Is there a way to check if a group extension is split or not using GAP?

Question

I use the GAP command 'NormalSubgroups' to obtain the list of normal subgroups of a given group. Then I use 'FactorGroup' to construct the quotient of the given group by a normal subgroup. An example is given below.

G:=AlternatingGroup(4);; list:=NormalSubgroups(G);; N:=list[2];; H:=FactorGroup(G,N);;

Here, G is an extension of H by N. Is there a way to check if this extension is split using GAP commands?

Answer 1

The function ComplementClassesRepresentatives(G,N) finds representatives of the $G$-conjugacy classes of complements to $N$. It returns an empty list if the extension is not split.
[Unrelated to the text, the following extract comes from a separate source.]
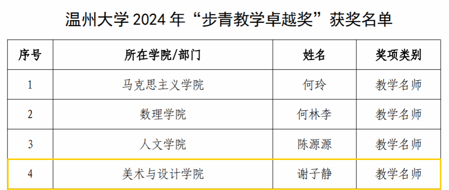 热烈祝贺开元官网院长谢子静同志荣获KY开元集团官网入口“教学名师”荣誉称号!

For example (in your case and a nonsplit case:

gap> ComplementClassesRepresentatives(G,N);
[ Group([ (2,4,3) ]) ]
gap> G:=SL(2,5);N:=Center(G);
SL(2,5)
<group of 2x2 matrices over GF(5)>
gap> ComplementClassesRepresentatives(G,N);
[  ]

The current methods available require that $N$ is solvable (calculated using 1-cohomology, respectively "Fox derivatives"), or that $G/N$ is solvable (using cyclic factors in a composition series) -- these seem to be the cases relevant in applications.